Мистер Пек в своей восхитительной оценке Джорджа Мура (в книге «Личное уравнение») пишет, что Мур откровенный декадент, откровенный сенсуалист в духе Гюисманса, которым тот страстно восхищается. «Страница Гюисманса, — восклицает Мур, — подобна дозе опиума, бокалу какого-то изысканного и крепкого ликера... Гюисманс проникает в мою душу, как золотое украшение византийской выделки. В его стиле есть томящее очарование арок, ощущение ритуала, страсть стенописи, окна». И мистер Пек добавляет: «Сродство мистера Мура с Гюисмансом не простирается дальше определенной чувственной симпатии.
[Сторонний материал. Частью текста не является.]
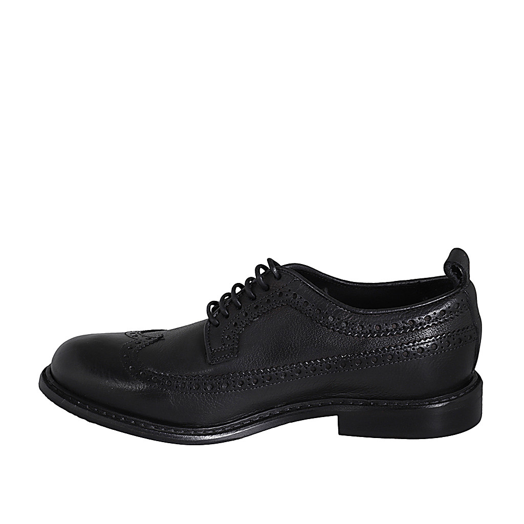 Scarpa da uomo stringata derby di alta qualità con decorazione coda di rondine in pelle nera - Misure disponibili: 36, 38, 50, 51, 52, 54

Он никогда не смог бы последовать за ним...» Но он последовал за ним, последовал за «На пути»; Гюисманс проник не только в его душу, но и в его перо. Как-то раз он остроумно написал: «Генри Джеймс отправился во Францию и читал Тургенева. У. Д. Хоуэллс остался дома и читал Генри Джеймса». Это можно было бы перефразировать так: Жорис Карл Гюисманс, этот уникальный ученик Бодлера, отправился в Ла-Трапп и изучал религию. Джордж Мур, этот самый пластичный по духу ирландец, остался дома и изучал Гюисманса. Это точная констатация истины. Мистер Мур обязан Гюисмансу своей «Сестрой Терезой» ничуть не меньше. Никому он не обязан Милдред Лоусон. Она принадлежит Джорджу Муру ровно в той же мере, в какой «Воспитание чувств» поистине принадлежит Флоберу. Я не знаю ей пары в беллетристике; подобно Фредерику Моро, этому негероическому герою, она — героиня, потерпевшая крах из-за чистого отсутствия темперамента. И ее история — одна из лучших историй в языке.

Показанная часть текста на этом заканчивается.